Venice Film Festival: The Son movie review - Florian Zeller’s feature sits in the shadow of The Father

Hugh Jackman in The Son

(Picture: Handout)

After successfully adapting his play The Father into a multi-award winning film, Florian Zeller has turned his attention to the third play of his family trilogy, screening at the Venice Film Festival ahead of its November release. The Son deals with the complexities of father-son relationships, as well as the issue of mental illness.

Hugh Jackman stars as Peter, a successful New York lawyer with a young trophy wife, Beth (Vanessa Kirby) and a new-born baby boy Theo. Yet this beautiful happy family contains other members, just as beautiful but much less happy. Peter has a bitter ex-wife Kate (Laura Dern) and a depressed 17-year-old son Nicholas (Zen McGrath), who has been severely damaged by his parents’ divorce and specifically by what he sees as his father’s betrayal of the family. When an exasperated and scared Kate turns to Peter for help, it is up to the disappointing father and his new partner to take over parenting this fragile teen.

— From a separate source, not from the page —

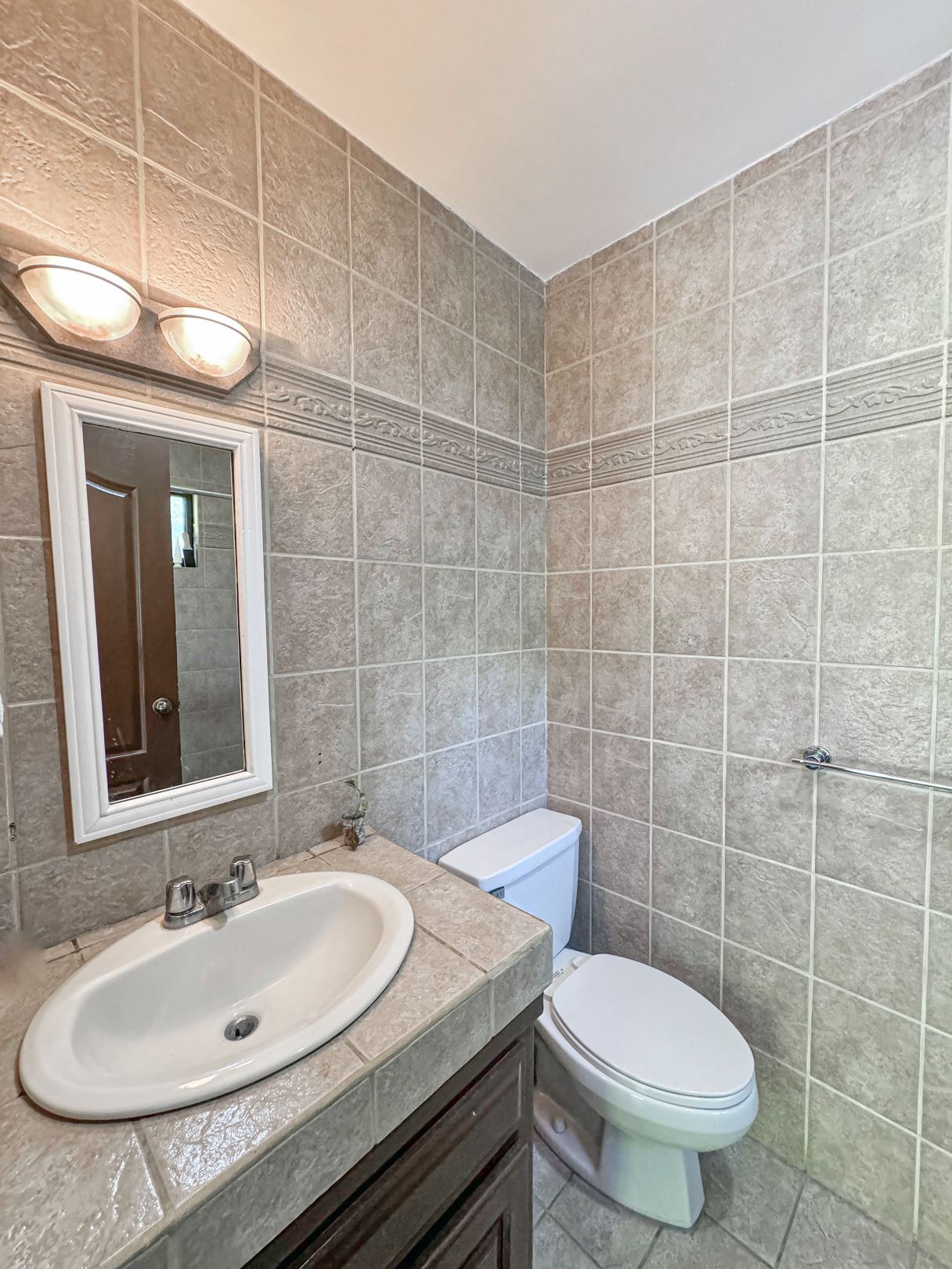 An open distribution design integrating the kitchen, dining, and living room. Lots of windows and glass sliding doors provide ample natural lighting. Glass sliding doors open to a patio and a small yard. There is plenty of room for everyone to enjoy themselves. A laundry room is adjacent to the kitchen. A half bathroom is near the entrance.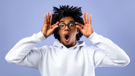 Amazed Shocked Young Black Guy Touching Glasses And Opening Mouth In Surprise

Zeller sets all this story up swiftly and deftly in the opening scene, which contains some lovely touches: when Kate shows up at the apartment, Beth stands guard at the front door, with no invitation to Kate to cross the threshold; in turn Kate can barely look in Beth’s direction. As the exes discuss their teen boy, the latest addition to Peter’s family can be heard crying in the background and right there in that hallway are so many of the potential complications lying in wait.

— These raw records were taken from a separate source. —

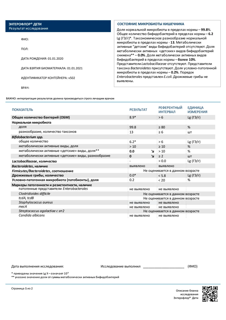 Бланк результатов исследования ЭНТЕРОФЛОР Дети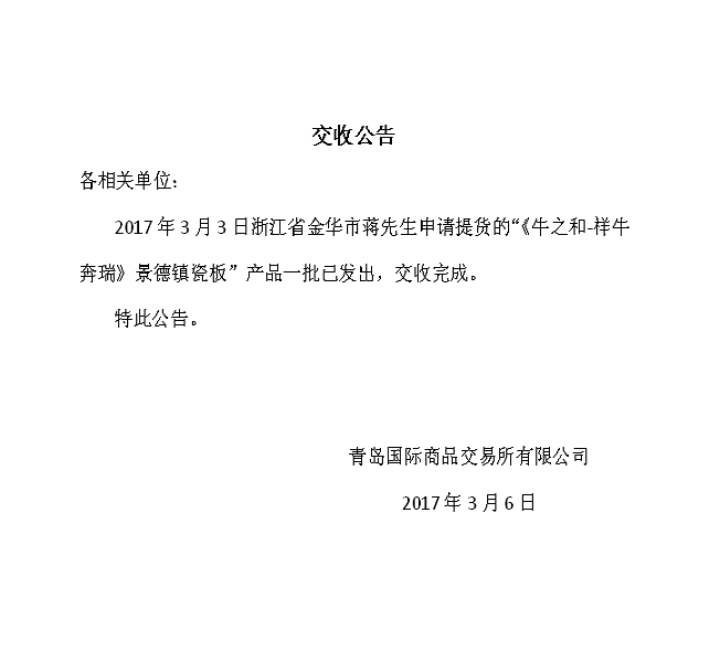 2017年3月3日浙江省金华市蒋先生申请提货的“《牛之和-祥牛奔瑞》景德镇瓷板”产品一批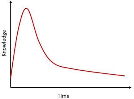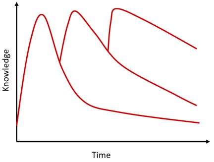 At the start of the lesson a student will usually know very little, and during the lesson that knowledge level will hopefully rise quite rapidly. However, without practice or review, that knowledge level will very soon return to just above its original level as the lesson is largely forgotten. This is why teachers will regularly link back to previous learning – to revise and review the content of previous lessons.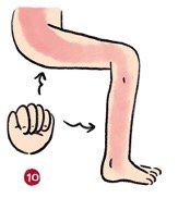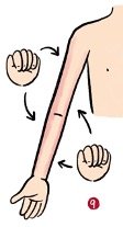 9) ตีหรือเคาะแขนด้านในและด้านนอก(拍打,叩击上肢内侧与外侧): ใช้ฝ่ามือตีหรือกำปั้นเคาะไปบริเวณแขนด้านในและด้านนอกไปกลับ 8-12 ครั้ง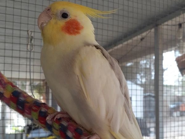 Dew Drop is a female lutino cockatiel that was produced by Beth Garcia in Brooksville. She was hatched in 2019. She is mates with both Sparrow Hawk and Ember-yes cockatiels will do love triangles!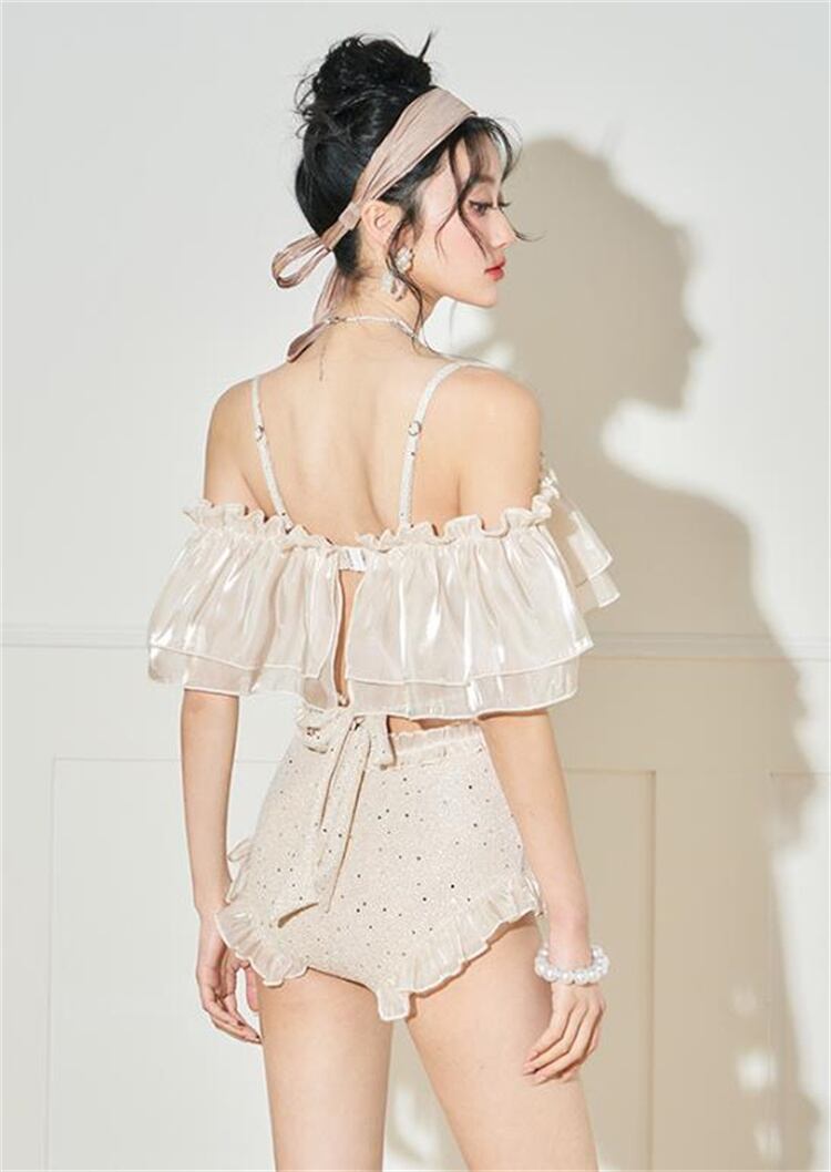 連体水着 水着 一字肩 フリル セクシー ストラップ スリム リゾート 温泉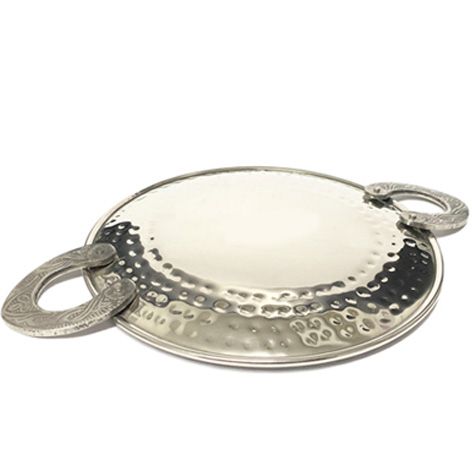 The Tawa can be used to serve traditional dry starters and chaats. The dish on the underside is finished with a hammered hand styled look, engraved handles and on the upper side, it is polished stainless steel for serving.

There is also a patriarch who appears little but looms large: Peter’s father Anthony (Anthony Hopkins) is a Washington politico with whom Peter has a prickly and distant relationship. Before father and son meet, we see Peter fielding calls from his dad, and he is obviously oblivious to news of pater’s recent health issues. When they do meet, well, suffice to say there is anger and bitterness on both sides.

Hugh Jackman plays a successful lawyer dealing with the fallout from his failed first marriage (AP)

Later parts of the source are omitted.